• Saved data entries

^^^^

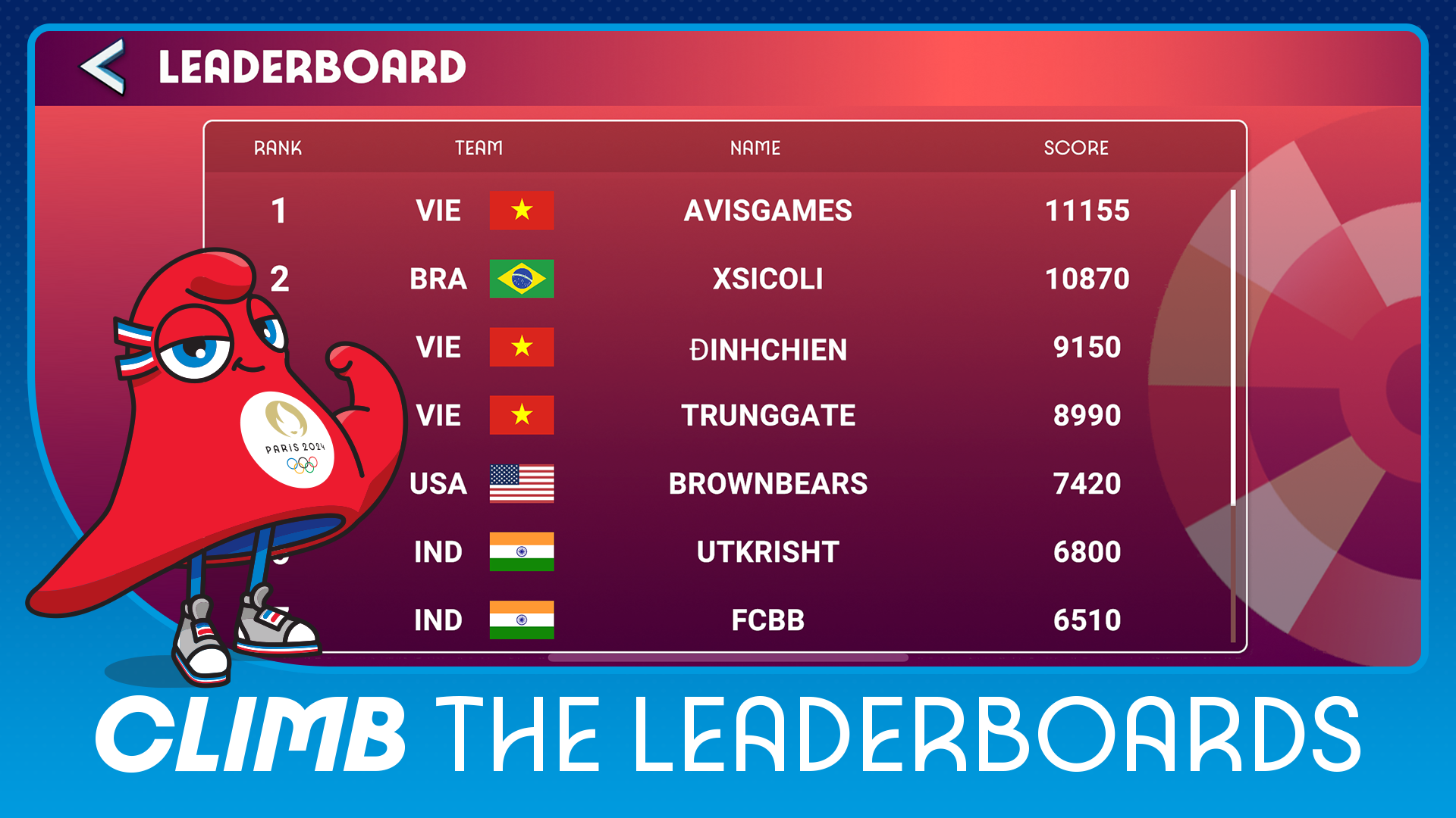- Added Personal Best to record your best results - Added Seasonal Leaderboards; resets weekly - Added Daily 1st Win Reward for each sport - Leaderboard points now based on a multiplier of stadium level - Increased fan points from buildings - All outfits can be unlocked through training - Added Setting to share Athlete Customization across sports - Added ability to rename and change your flag from Player Profile - Temporary Boosts can now be purchased with gems - Fixes and optimizations
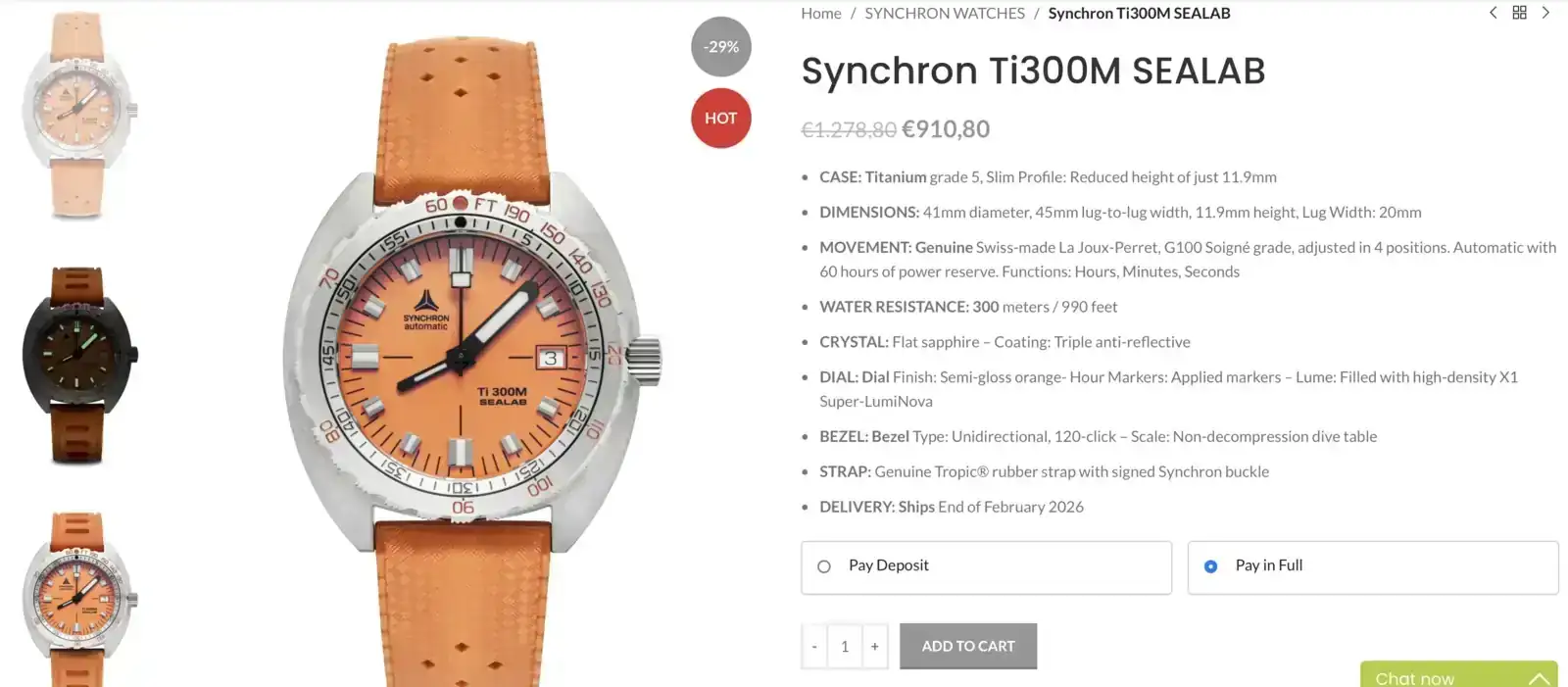 El último lanzamiento de Synchron, a la cual perteneció Doxa, es el Ti300M Sealab que presenta las siguientes características:
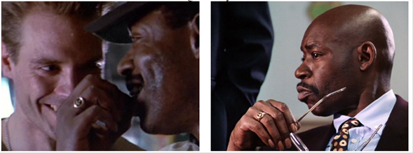 Otro policía corrupto que lleva un distintivo masónico es Charlie Wade, interpretado por Kris Kristofferson en la película Lone Star (1996) de John Sayles. En un momento dado, Wade está con unos personajes que le darán un soborno en un restaurante mexicano. La escena se corta en un primer plano de la mano de Wade sacando de entre unas tortillas un fajo de billetes. En uno de sus dedos se observa un anillo con una escuadra y un compás. Asimismo, un personaje antipático, corrupto y sin escrúpulos, pero ajeno al ámbito policiaco, es el millonario Wade Gustafson, del excepcional filme Fargo (1996) de los hermanos Coen. Durante una toma, se aprecia fugazmente un anillo masónico en uno de los dedos de Gustafson. Otro masón que no es enteramente «malo» en estricto sentido, pero sí es un personaje antipático, es el ambicioso y manipulador productor de televisión Mark Heiss, caracterizado por Christopher Walken, en la película Domino (2005) de Tony Scott.
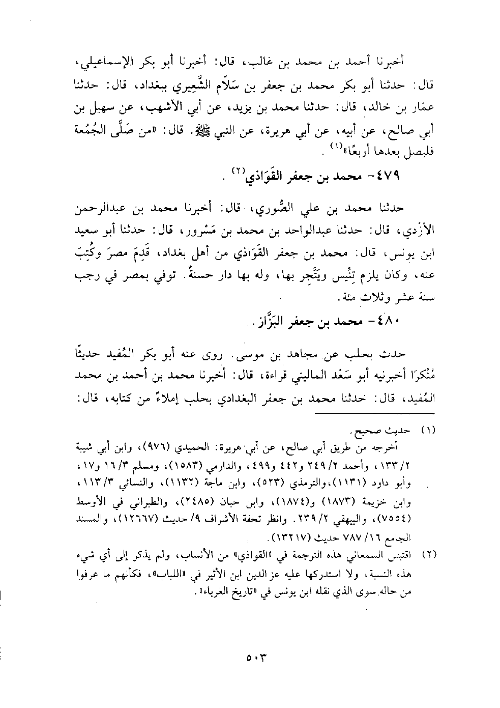 480 - محمد بن جعفر البزاز حدث بحلب عن مجاهد بن موسى.
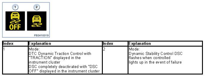 Depending on the DSC mode, the indicator light in the instrument panel is switched on. The indicator light shows a skidding vehicle with the labelling "OFF" or only a skidding vehicle.
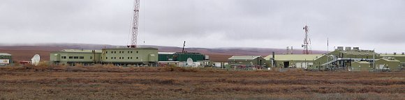 Nach weiteren 44 Meilen durch das arktische Flachland auf angenehm ausgebauter Strasse kamen die Ölförderanlagen in Sichtweite. Ausserdem grosses Gerät und Baracken (hier sagt man dazu Trailerhomes oder Hotels...). Die Grafik zeigt unverkennbar den Ortsnamen: Deadhorse.
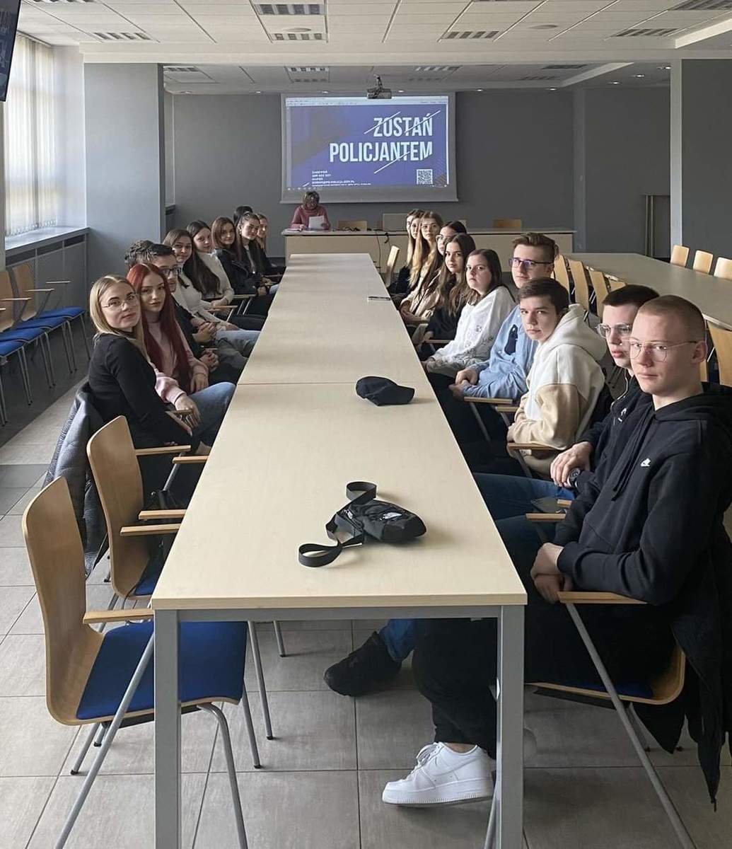 W dniu 20 marca 2024 roku w siedzibie Komendy Miejskiej Policji w Koninie odbyło się spotkanie funkcjonariuszy z młodzieżą zorganizowane w ramach 21. edycji "Dnia Przedsiębiorczości" przez Zespół Szkół Górniczo-Energetycznych im. Stanisława Staszica w Koninie.
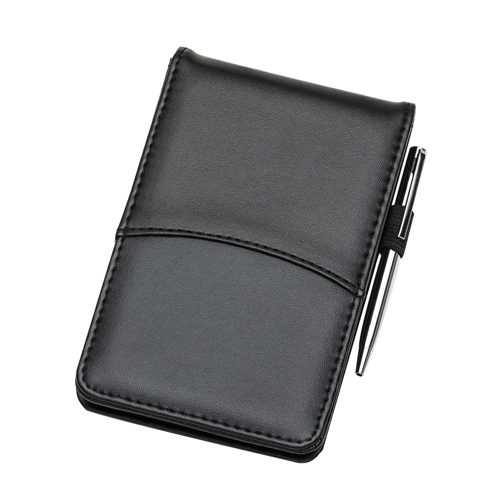 Bloco de anotações personalizado com capa de couro sintético. Possui calculadora solar plástica de 8 dígitos, uma caneta plástica com clip de metal acionada por giro e bloco de anotações pautado(verso branco) com aproximadamente 30 folhas.
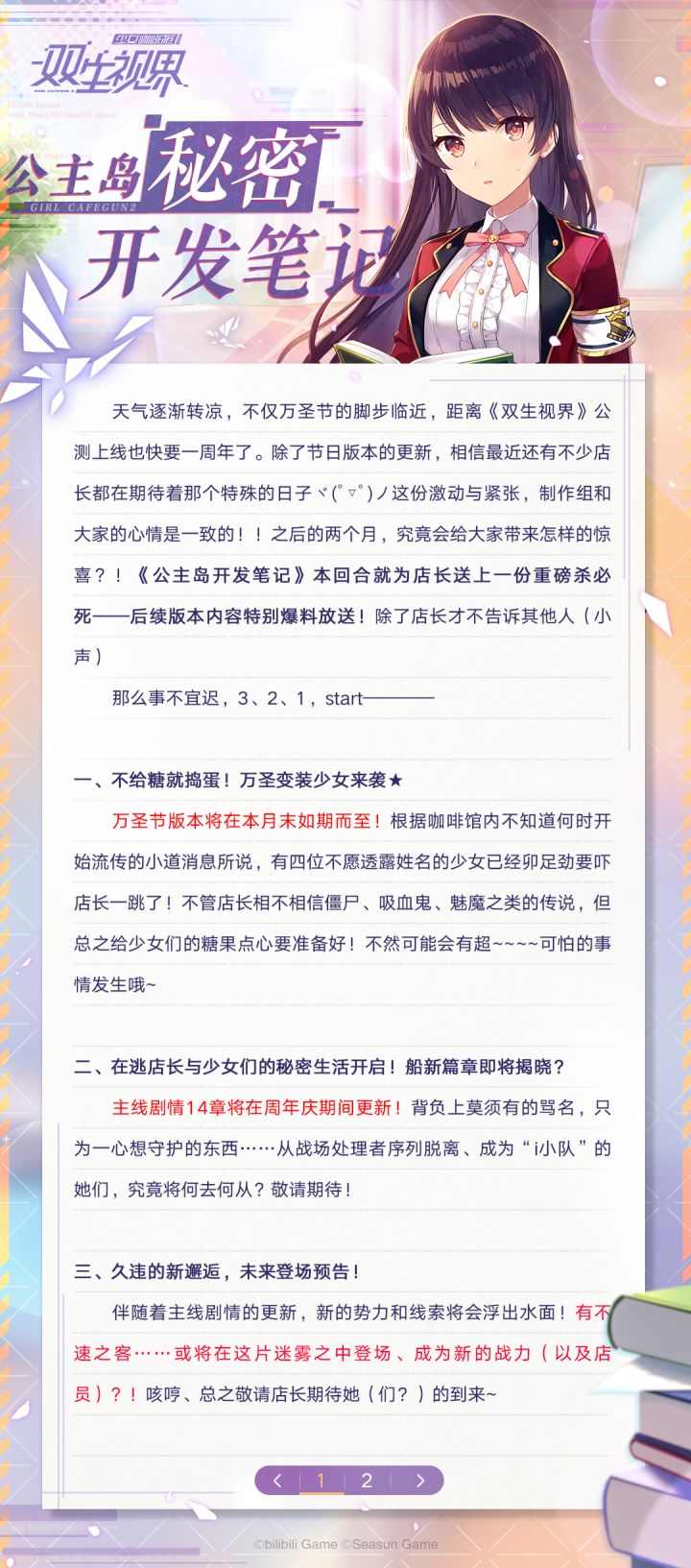天气转凉,万圣节的脚步临近,且距离公测上线也快要一周年了,店长们都在期待后续游戏内容了吧。《公主岛秘密开发笔记》(十月刊)本回合为店长送上了一份重磅杀必死——后续版本内容特别爆料放送!敬请点击下方图片查看~再次感谢店长对《双生视界》的热爱与支持✧⁺⸜(●˙▾˙●)⸝⁺✧

^^^^

• THE TASK
A verbatim copy of every entry is wanted; the pictures stay out of it.

• RESPONSE AREA
- Added Personal Best to record your best results - Added Seasonal Leaderboards; resets weekly - Added Daily 1st Win Reward for each sport - Leaderboard points now based on a multiplier of stadium level - Increased fan points from buildings - All outfits can be unlocked through training - Added Setting to share Athlete Customization across sports - Added ability to rename and change your flag from Player Profile - Temporary Boosts can now be purchased with gems - Fixes and optimizations
 El último lanzamiento de Synchron, a la cual perteneció Doxa, es el Ti300M Sealab que presenta las siguientes características:
 Otro policía corrupto que lleva un distintivo masónico es Charlie Wade, interpretado por Kris Kristofferson en la película Lone Star (1996) de John Sayles. En un momento dado, Wade está con unos personajes que le darán un soborno en un restaurante mexicano. La escena se corta en un primer plano de la mano de Wade sacando de entre unas tortillas un fajo de billetes. En uno de sus dedos se observa un anillo con una escuadra y un compás. Asimismo, un personaje antipático, corrupto y sin escrúpulos, pero ajeno al ámbito policiaco, es el millonario Wade Gustafson, del excepcional filme Fargo (1996) de los hermanos Coen. Durante una toma, se aprecia fugazmente un anillo masónico en uno de los dedos de Gustafson. Otro masón que no es enteramente «malo» en estricto sentido, pero sí es un personaje antipático, es el ambicioso y manipulador productor de televisión Mark Heiss, caracterizado por Christopher Walken, en la película Domino (2005) de Tony Scott.
 480 - محمد بن جعفر البزاز حدث بحلب عن مجاهد بن موسى.
 Depending on the DSC mode, the indicator light in the instrument panel is switched on. The indicator light shows a skidding vehicle with the labelling "OFF" or only a skidding vehicle.
 Nach weiteren 44 Meilen durch das arktische Flachland auf angenehm ausgebauter Strasse kamen die Ölförderanlagen in Sichtweite. Ausserdem grosses Gerät und Baracken (hier sagt man dazu Trailerhomes oder Hotels...). Die Grafik zeigt unverkennbar den Ortsnamen: Deadhorse.
 W dniu 20 marca 2024 roku w siedzibie Komendy Miejskiej Policji w Koninie odbyło się spotkanie funkcjonariuszy z młodzieżą zorganizowane w ramach 21. edycji "Dnia Przedsiębiorczości" przez Zespół Szkół Górniczo-Energetycznych im. Stanisława Staszica w Koninie.
 Bloco de anotações personalizado com capa de couro sintético. Possui calculadora solar plástica de 8 dígitos, uma caneta plástica com clip de metal acionada por giro e bloco de anotações pautado(verso branco) com aproximadamente 30 folhas.
天气转凉,万圣节的脚步临近,且距离公测上线也快要一周年了,店长们都在期待后续游戏内容了吧。《公主岛秘密开发笔记》(十月刊)本回合为店长送上了一份重磅杀必死——后续版本内容特别爆料放送!敬请点击下方图片查看~再次感谢店长对《双生视界》的热爱与支持✧⁺⸜(●˙▾˙●)⸝⁺✧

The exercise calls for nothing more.